At first there is nothing humorous about cancer. You have worked through your feelings resulting from receiving your diagnosis. You have learned to live with cancer and identified your way of accepting it. (Chapter 3) Treatment is hard. You have examined your degrees of patience, endurance and courage (Chapter 4). You have dealt with some hard, stressful emotions. Now let humor lighten your stress.
Did you know you can Google "Cancer Jokes"? There are hundreds of jokes there, something for everyone's sense of humor. Maybe you enjoy physical jokes, like slipping on a banana peel or, verbal jokes where the use of a wrong word creates the humor. Cancer jokes contain a lot of Death Jokes but for those of us looking death in the face, these can be strangely comforting.

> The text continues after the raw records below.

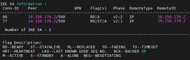 Показывает состояние IKE Security Associations – этапы и параметры обмена ключами IKEv2, на которых основан IPSec-туннель. В выводе команды можно посмотреть список IKE-сессий и их Conn-ID, IP-адрес пира (peer), фазу, статус/флаги SA и др. Это всё используется для проверки успешной установки IKE-фазы, диагностики отказов, просмотра текущего состояния обмена ключами.
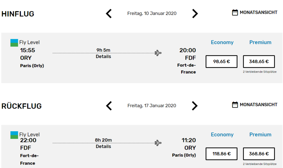 Oblíbené low-cost letenky společnosti Level z Paříže do „francouzského“ Karibiku jsou zpět, a to i na spoustu termínů přes hlavní sezonu, tedy během zimy. Zpáteční letenka z pařížského letiště Orly do města Fort de France na ostrově Martinik vyjde na 218 EUR, podobně jako na sousední Guadeloupe (Pointe-a-Pitre), u kterého je však termínů výrazně méně a špatně navazují na lety ze střední Evropy.
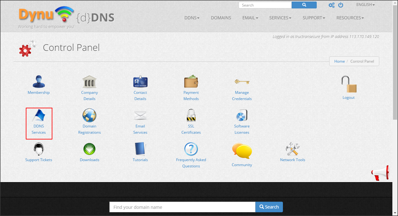 Khi bạn đã đăng ký thành công tài khoản Dynu.com, các bạn đăng nhập tài khoản và chuyển đến trang quản trị Control Panel.
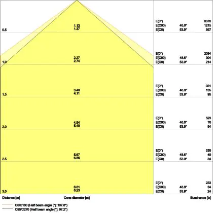 Beispiel: Wird eine Lampe mit einem Abstrahlwinkel von 60 Grad an der Decke (2,5 m Höhe) angebracht, erzeugt sie einen Lichtkegel von 2,9 Metern Durchmesser. Hat die Lampe hingegen einen Abstrahlwinkel von 120 Grad, beträgt der Lichtkegel 8,7 Meter im Durchmesser. |
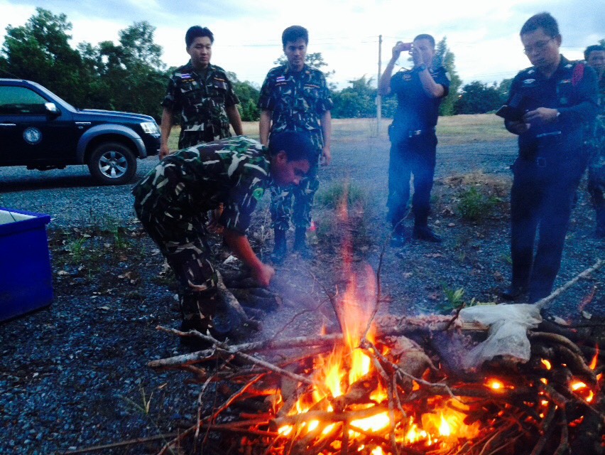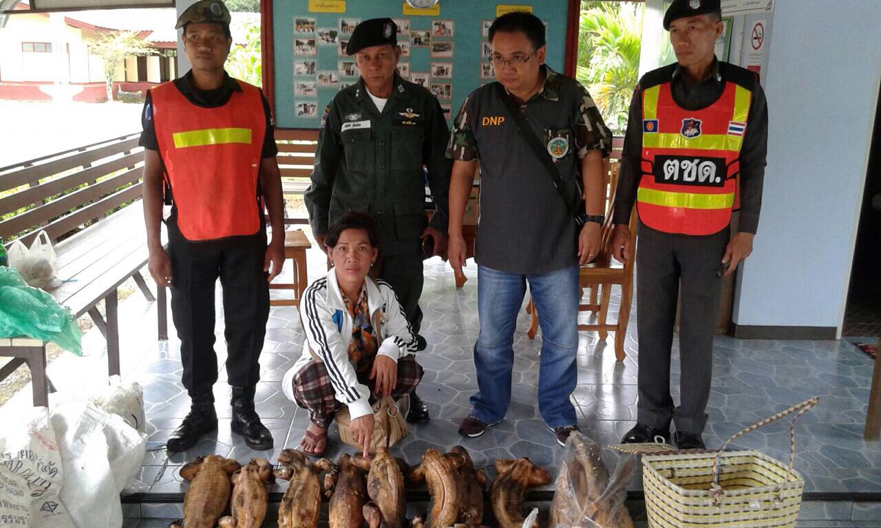 วันที 9 พย. 58 ด่านตรวจสัตว์ป่าคลองใหญ่ จ.ตราด ร่วมกับสายตรวจปรามปรามฯ สายที่2 สำนักฯ 2 ศรีราชา , สายตรวจปราบปรามฯ สายที่ 1 ส่วนอนุรักษ์สัตว์ป่า และ หน่วยปฎิบัติการพิเศษที่ 2 สปป.(ภาคกลาง) ร่วมกันตรวจปราบปรามฯ ( จากการขยายผลคดีก่อน ) บริเวณตลาดแสนตุ้ง ม.1 ต.แสนตุ้ง อ.เขาสมิง จ.ตราด จับกุม นางสาวอรุณ สีเทียนไทย อายุ 53 ปี สัญชาติไทย พร้อมตรวจยึดซากสัตว์ป่าคุ้มครอง 1. ซากกระจง 2.ซากตะกวด 3.ซากลิ่น 4.ซากเม่น น้ำหนักรวม 28.04 กก. อุปกรณ์ในการกระทำผิด ถังแช่น้ำแข็งขนาด 100 กก. 1 ถัง ได้นำตัวผู้ต้องหา ของกลาง ส่งพนักงานสอบสวน สภ.เขาสมิง ดำเนินคดีแล้ว ตามปจว ข้อ 8 เวลา 17.20 น. ลงวันที่ 9 พย. 58 คดีอาญาที่ 287/58 ยึดทรัพย์ที่ 127/58 |

They help us think about death without feeling threatened by it. My favorite are "Real Doctor's Notes". It makes me giggle to imagine a doctor on a hurried visit to your bedside, scribbling notes such as:
- "--on the second day the knee was better and then on the third day it disappeared" or
- "Discharge status: alive but without my permission" or
- "Patient has 2 teenage children but no other abnormalities" or
- "Patient has been depressed ever since she began seeing me in l993"
There are persons who seem to be able to find something humorous in any situation. Shelva, a student in one of my classes, was such a person. She took the uncomfortable symptoms accompanying cancer and viewed them humorously. When her operation for brain cancer left a large, zigzagged scar on the top of her bald head she told everyone it was a tattoo. She said it was a letter"S" and stood for her name.

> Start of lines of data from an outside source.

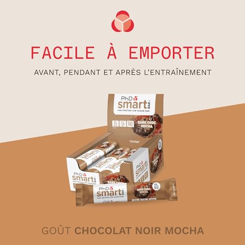 Soyez le premier à laisser votre avis sur “PhD Nutrition Smart Bar Barre protéinée 12x64g Chocolat noir et moka – En-cas High Protein avec 21g de protéines et peu de sucre, Barre protéinée macro-friendly”
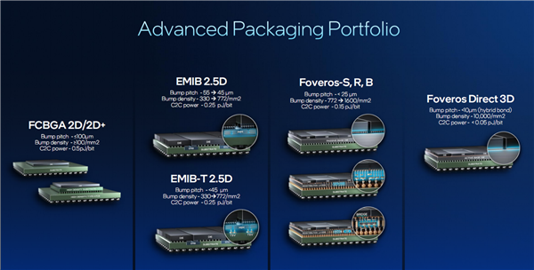 除了先进工艺,Intel还有着丰富的先进封装技术,可以分为EMIB、Foveros两大家族,各自又衍生出了不同的版本,满足不同的封装需求。
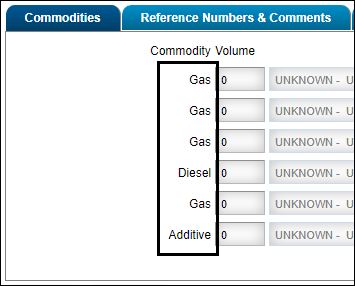 By default, the Fuel Order Entry page shows the commodity name, such as Unleaded 82. If you want, you can change the name that displays on the page to be the commodity class. The system uses the commodity class specified by the [FuelDispatch]CommoditySubclass INI setting.
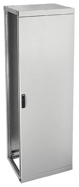 Cabinet frame made of galvanized sheet steel, cover plate and rear wall made of hot-dip galvanized sheet steel. With horizontal support rail for supporting rail stabilization, coupling plates for supporting rail fastening, prepared for univers N interior fitting system. Busbar bushings can be flanged next to each other through open side walls.

The good news is you can develop you own sense of cancer humor. My classes enjoyed creating cartoons. There are some basic set captions used in many cartoons. We used these basic captions and applied them to cancer situations. Try it for yourself. Here are some of the answers we came up with. In capitol letters are the basic captions we used. In italics are some of the answers we created.
ARE YOU SURE WE ARE ON THE RIGHT ROAD? (a cancer patient in a hospital corridor begin wheeled to a maternity ward)

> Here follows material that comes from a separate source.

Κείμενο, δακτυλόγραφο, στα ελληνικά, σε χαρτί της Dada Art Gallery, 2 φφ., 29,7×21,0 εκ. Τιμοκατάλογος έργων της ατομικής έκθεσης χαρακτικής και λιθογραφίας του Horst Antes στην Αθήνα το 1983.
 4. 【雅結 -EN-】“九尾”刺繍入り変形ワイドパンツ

YOU WILL NEVER GUESS WHAT I DID TODAY. (an elderly cancer patient in a long, flowing blond wig)
WHAT HAVE I DONE NOW? (nurse putting IV in the wrong place)
I DON'T KNOW. I JUST FEEL LUCKY TODAY. (cancer patient being taken first in a doctor's crowded waiting room.)
Laughter might not literally cure us but humor helps us focus on something besides our pain and promotes a lighter attitude in a heavy situation.
Great post Judy. Look forward to reading your book!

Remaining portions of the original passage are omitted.